The `pathos` framework is composed of several interoperating packages::

    - dill: a utility to serialize all of python
    - pox: utilities for filesystem exploration and automated builds
    - klepto: persistent caching to memory, disk, or database
    - multiprocess: better multiprocessing and multithreading in python
    - ppft: distributed and parallel python
    - pyina: MPI parallel `map` and cluster scheduling
    - pathos: graph management and execution in heterogenous computing


About Pathos
============

The `pathos` package provides a few basic tools to make parallel and
distributed computing more accessable to the end user. The goal of `pathos`
is to allow the user to extend their own code to parallel and distributed
computing with minimal refactoring.

`pathos` provides methods for configuring, launching, monitoring, and
controlling a service on a remote host. One of the most basic features
of `pathos` is the ability to configure and launch a RPC-based service
on a remote host. `pathos` seeds the remote host with a small `portpicker`
script, which allows the remote host to inform the localhost of a port
that is available for communication.

Beyond the ability to establish a RPC service, and then post requests,
is the ability to launch code in parallel. Unlike parallel computing
performed at the node level (typically with MPI), `pathos` enables the
user to launch jobs in parallel across heterogeneous distributed resources.
`pathos` provides distributed `map` and `pipe` algorithms, where a mix of
local processors and distributed workers can be selected.  `pathos`
also provides a very basic automated load balancing service, as well as
the ability for the user to directly select the resources.

The high-level `pool.map` interface, yields a `map` implementation that
hides the RPC internals from the user. With `pool.map`, the user can launch
their code in parallel, and as a distributed service, using standard python
and without writing a line of server or parallel batch code.

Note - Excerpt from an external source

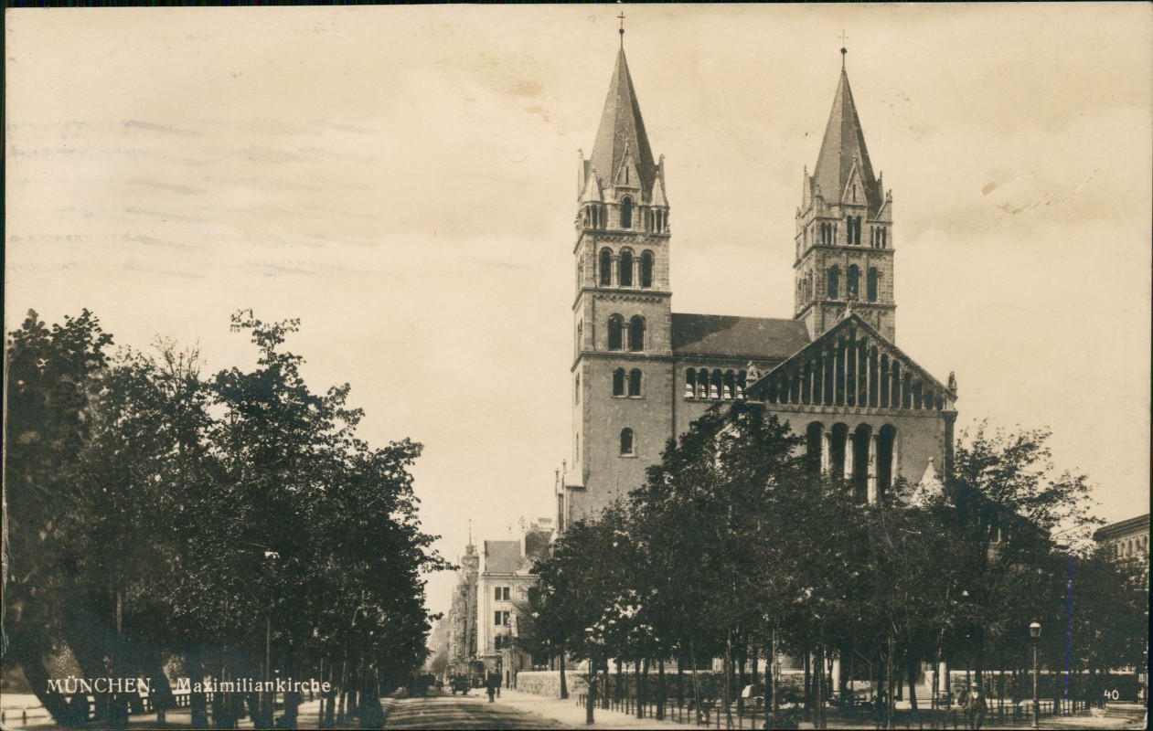 Postcart: Straßenpartie an der Maximiliankirche. - Munich

RPC servers and communication in general is known to be insecure.  However,
instead of attempting to make the RPC communication itself secure, `pathos`
provides the ability to automatically wrap any distributes service or
communication in a ssh-tunnel. Ssh is a universally trusted method.
Using ssh-tunnels, `pathos` has launched several distributed calculations
on national lab clusters, and to date has performed test calculations
that utilize node-to-node communication between several national lab clusters
and a user's laptop.  `pathos` allows the user to configure and launch
at a very atomistic level, through raw access to ssh and scp. 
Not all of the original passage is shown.